Au cours des deux dernières semaines, on a appris l'existence de deux vulnérabilités dans la norme sans fil Bluetooth. Tout d'abord, le 9 septembre, le Bluetooth SIG a émis un avertissement concernant la famille d'attaques BLURtooth. En théorie, une vulnérabilité dans les spécifications Bluetooth 4.2 et 5.0 permet une attaque MitM. Dans la pratique, cela nécessite de remplir de nombreuses conditions, telles que la connexion (avec des droits limités) au périphérique cible.
La vulnérabilité a été découverte à la jonction de deux options de connexion Bluetooth - le débit de base traditionnel / débit de données amélioré et le Bluetooth Low Energy économe en énergie. Afin de ne pas vous connecter deux fois à l'aide de protocoles différents, des clés partagées à long terme sont générées dans des appareils prenant en charge à la fois BR / EDR et BLE. La spécification permet la réécriture des clés si un mode de transfert de données plus fiable est requis. Mais en conséquence, une connexion peut être établie avec l'appareil soit sans autorisation appropriée, soit la protection de la connexion est facilement piratée.
La deuxième vulnérabilité, baptisée BLESA, a été trouvée dans la spécification Bluetooth Low Energy. Il vous permet de vous connecter à d'autres appareils sans autorisation, simulant la procédure de reconnexion après une déconnexion.
En pratique, cela ressemble à ceci: un appareil est connecté au smartphone (par exemple, un tracker de fitness), puis la connexion avec lui est coupée et l'appareil de l'attaquant est connecté au smartphone. Une autorisation supplémentaire n'est pas nécessaire et il est facile d'intercepter l'identifiant d'un appareil légitime, car ces données sont transmises en texte clair. La facilité de reconnexion de l'appareil s'est avérée être une faille de sécurité.
Sources de
BLURTooth:
- Rapport CERT de l'Université Carnegie Mellon;
- Bulletin SIG Bluetooth;
- actualités sur le site Web de Bleeping Computer;
- des nouvelles sur Habré.
BLESA:
- nouvelles ;
- travaux de recherche ;
- news sur Habré avec vidéo PoC.
Les informations sur ces attaques sont divulguées de manière complètement différente. Un travail scientifique a été publié sur BLESA avec une description détaillée du processus d'attaque. À propos de BLURtooth - seulement deux messages courts sans détails. Cela est peut-être dû au fait qu'un correctif a déjà été publié pour BLESA (au moins pour les appareils Apple) et que des correctifs pour Android et la pile universelle Bluez sont également en préparation.

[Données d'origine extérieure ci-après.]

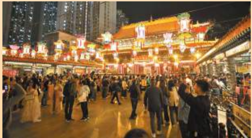
◆黃大仙廟元宵燈會十分熱鬧。

香港文匯報訊(記者 吳健怡)24日是農曆正月十五，為傳統節日「元宵節」，是一家人團圓相聚好日子，也是中國情人節，香港多處都舉行元宵活動。其中，由香港灣仔區各界協會主辦、灣仔民政事務處協辦的「灣仔元宵綵燈會」當晚在銅鑼灣開市舉行，現場設有免費民族服裝試穿、傳統歌舞表演、傳統工藝坊及打卡拍照熱點，氣氛熱鬧。當色園黃大仙祠亦延長開放時間至晚上10時，讓市民到場參拜月老，現場還有猜燈謎和夜光舞龍表演等活動，吸引大批市民和遊客到場歡度佳節。 「灣仔元宵綵燈會」24日晚在銅鑼灣記利佐治街及百德新街舉行。香港文匯報記者當晚到場，發現是次活動吸引不少市民。現場特別安排10個中國傳統文化特色攤位，以及設有新潮中國風的元宵節打卡布置，讓社會大眾感受佳節的氣氛外，更有免費民族服裝試穿和傳統歌舞表演，主辦單位並鼓勵市民以漢服造型到場，讓活動現場充滿濃濃的「漢風」。 現場更特設漢服造型比賽，分別有「最佳古裝造型男士組」及「最佳古裝造型女士組」，由主辦單位評選出各獎項得獎者，炒熱現場氣氛。 參與比賽的張小姐表示，自己近兩年對漢服文化着迷，故趁元宵悉心打扮，穿上長袖長袍青色漢服，戴上古代假髮，仙氣十足。 張小姐的朋友謝小姐同樣都是「漢服迷」。身穿馬面裙的她表示，漢服也曾登上時裝秀場，東風之美也驚艷了世界的目光，期望香港特區政府多舉辦類似的文化活動，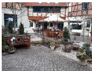
Das Hof-Café der Pâtisserie Bergmann

BLURtooth est toujours un problème sans solution. Cependant, ces attaques ont un point commun: elles sont peu susceptibles d'être utilisées dans la pratique en raison de la nécessité de rester proche de la victime et des perspectives douteuses (du moins inexplorées) du point de vue du vol de données.
Les deux vulnérabilités à l'avenir pourraient devenir le théâtre d'une attaque plus sérieuse sur les appareils IoT, d'autant plus qu'il ne sera pas possible de mettre à jour la pile Bluetooth partout.
Que s'est-il passé d'autre
Les spécialistes de Kaspersky Lab ont publié un rapport sur l'évolution des menaces au deuxième trimestre 2020. Fait intéressant: une augmentation du nombre d'attaques malveillantes sur des sujets «jeux», notamment - le phishing et la distribution de malwares associés à la plateforme Steam.
Dans un environnement de travail éloigné, de telles attaques peuvent conduire non seulement au vol d'argent réel ou en jeu, mais également à l'infiltration de l'infrastructure de travail si la victime utilise le même ordinateur pour jouer et travailler.
Une autre étude de Kaspersky Lab s'est concentrée sur une vulnérabilité zero-day dans Internet Explorer 11. Associée à une autre, moins dangereuse en elle-même, un bug du navigateur permettait un contrôle complet du système cible.
Un cas triste mais prévisible: en Allemagne, une attaque de ransomware contre une infrastructure hospitalière a entraîné la mort d'un patient.
Le mercredi 16 septembre, les développeurs ont mis à jour le CMS Drupal, y compris un correctif de vulnérabilité XSS critique .
Un cas intéressant s'est produit avec les règles de remise pour le plugin WordPress WooCommerce. Deux vulnérabilités graves n'ont été corrigées qu'à la troisième tentative.
Bleeping Computer rapporte une attaque de phishing déguisée en formation à la sécurité de l'information.
Google interdit les logiciels de type stalkerware sur Google Play. Plus précisément, il est impossible d'observer l'utilisateur en secret: s'il existe de telles fonctions, l'utilisateur doit être averti que ses mouvements et ses actions seront surveillés.
L'exploit de la vulnérabilité Zerologon dans Windows est apparu dans le domaine public . Le patch pour ce trou a été publié en août de cette année.